How does this apply to business?  According to the New York Times, the average American knows about 600 people.1  Yes, you have ideal client parameters, buy have you approached everyone and given them the opportunity to say yes or no?  Even if they don’t have the assets, they might be flattered that you thought they might qualify.  This might lead to a referral to someone in their family.

Related: How to Explain Market Declines Aren’t Your Fault

You Were in a Position to Help, but You Didn’t

A regional manager at a financial services firm told a very moving story.  It concerned a friend who lost a parent.  This involved financial issues, like providing income for the surviving spouse and arranging their finances.  The advisor didn’t approach the friend, rationalizing it would be predatory to look for business when they were grieving.
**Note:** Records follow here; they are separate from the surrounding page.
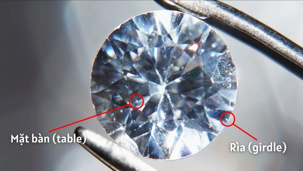 - Vết đen (Carbon): Một viên đá trắng tinh nhưng có một nốt ruồi đen ở giữa mặt bàn (Table) sẽ làm chiếc nhẫn cưới trông rất kém tinh tế.
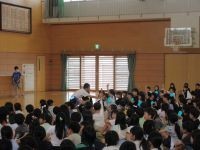ハッピー三ちゃんが登場し、最近気になることとして、ろうかの歩き方や階段の過ごし方をあげ、そのことについての劇を演じていました。その中で、正しい歩き方や過ごし方を児童みんなにインタビューをして、みんなしっかりと答えることができました。
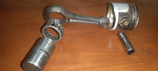 Piston with connecting rod, sliding pin, roller bearing and,wight is reversed in Creo parametric software,just for improving designing skills. Like the model if you feel it's good skill.
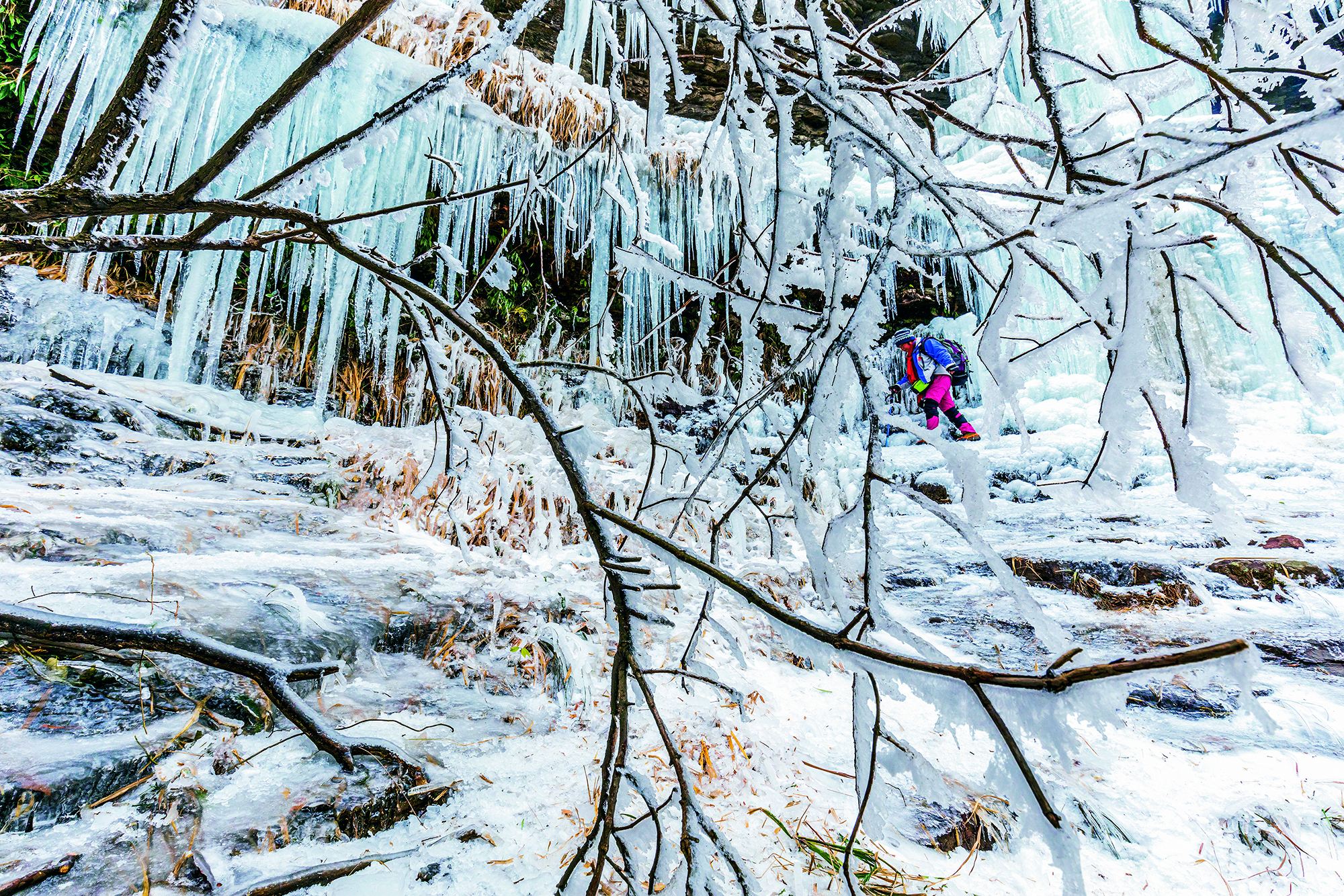 2020年1月17日,吉林省辽源市,游人们来到红枫潭乐享冰雪

Months passed.  The friend sorted out the problem.  The advisor noticed a coldness and distance between them.  One day, it asked the friend: “What gives?”  The friend explained they were upset because they were facing a financial problem they were ill equipped to address.  The advisor had addressed this problem before.  He was in an ideal position to offer help, but he didn’t step up.  The friend needed to sort the problem out on their own.
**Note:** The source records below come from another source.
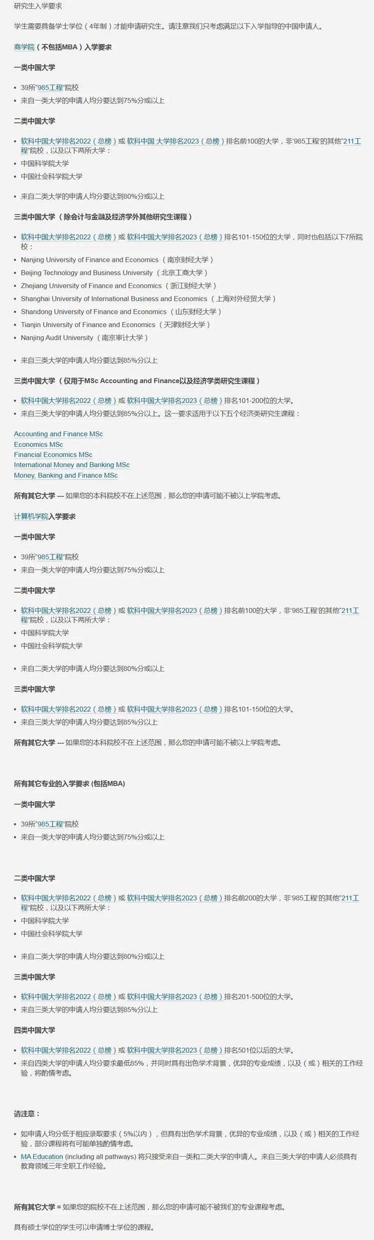 需要注意的是,愛丁堡大學有自己的錄取list,不同院校list對應不同的成績要求,所以大家一定要提前了解清楚具體要求!
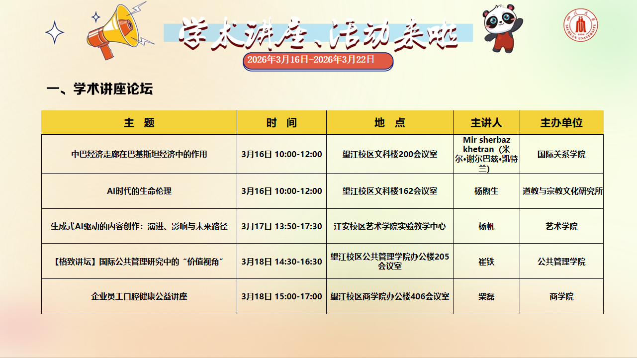 学术讲座预告(2026年3月16日-2026年3月22日)
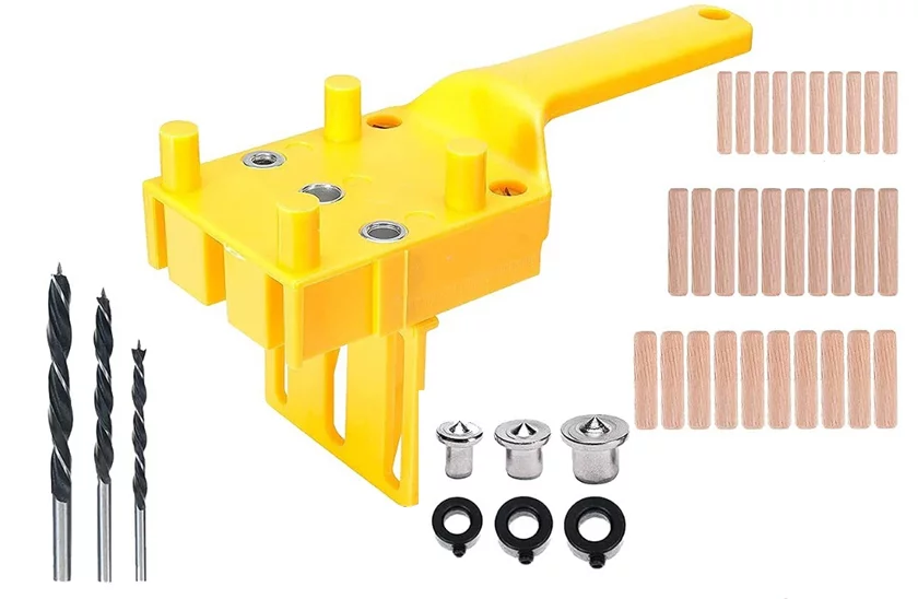 Příruční kolíkovací vychytávka. S tímto kolíkovačem bude mít každý kutil mnohem méně práce. Používá se především pro snadnou výrobu kolíkového spoje. Jednoduché a rychlé použití. Využijete především pro vrtání otvorů pro kolíky na spojování dvou desek. Další využití najde tato kolíkovačka, pokud budete chtít udělat více otvorů v jedné vzdálenosti od hrany materiálu. Použitím prostředního otvoru je možné pomocí vystupujících kolíků na kolíkovačce udělat rychle otvor ve středu hrany desky. Na kolíkovači je madlo pro lepší manipulaci.
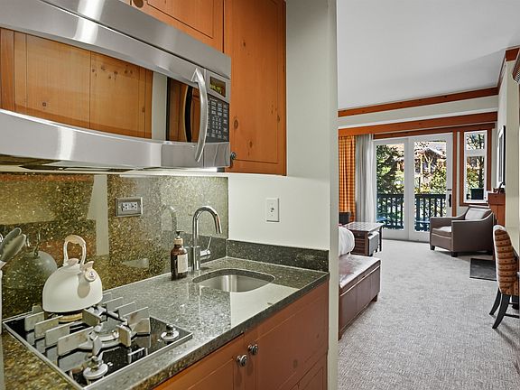 Beautiful well maintained studio facing Spruce Peak Village and golf course. Cozy, warm and welcoming! Fireplace, balcony for two, luxury bathroom with soaker tub and separate shower. Mini kitchen with two burner stove, dishwasher and small fridge. Perfect weekend getaway. Steps away from slopes, Spruce Peak village, spa, gym, pool, golf course and restaurants. Roll out of bed for first tracks. Come find your home on the mountain!!
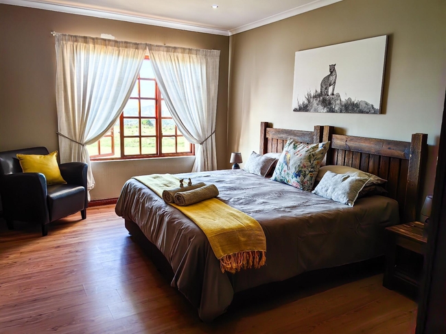 The rustic two bedroom cottage has an open plan kitchen / lounge area opening onto a veranda overlooking Pabala Game Farm and mountain scenery. Wake up to the sounds of farm animals, welcoming the new day!
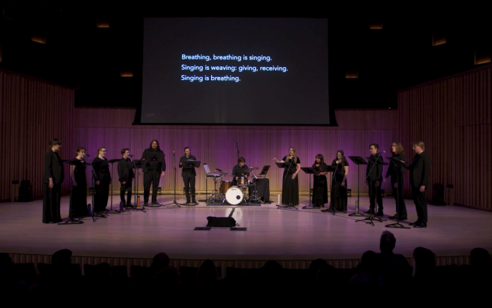 En Masse is an electroacoustic composition for choir and drum which navigates the threads of interconnection among individuals, communities and ecosystems and promotes a culture of care amidst the climate crisis.
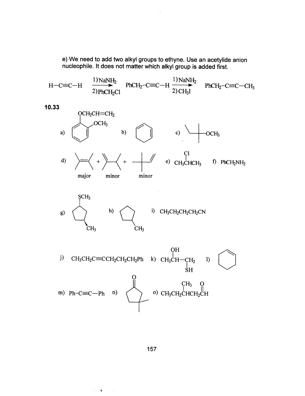 e) We need to add two alkyl groups to ethyne. Use an acetylide anion nucleophile. It does not matter which alkyl group is added first. 1)NaNH₂ 1)NaNH₂ H-C=C-H PhCH₂-C=C-H PhCH₂-C=C-CH₃ 2)PhCH₂Cl 2) CH₃I 10.33 OCH₃ a) b) c) OCH₃ d) + + e) CH₃CHCH₃ f) PhCH₂NH₂ major minor minor SCH₃ g) h) i) CH₃CH₂CH₂CH₂CN CH₃ CH₃ OH j) k) 1) SH O CH₃ O m) Ph-C=C-Ph n) o) CH₃CH₂CHCH₂CH 157

What’s the business lesson?  Yes, there are two extremes:  Treating the grieving friend as a prospect on one side and standing back, doing nothing on the other side.  There’s a midpoint.  You might acknowledge their grief and let them know you are willing to help, but only if they ask.  You don’t want to be pushy, but if they ever want to talk, you will be there.

Treat people with respect.  Leave no stone unturned.  Realize you are in a position to help people.  You can get business while being tactful.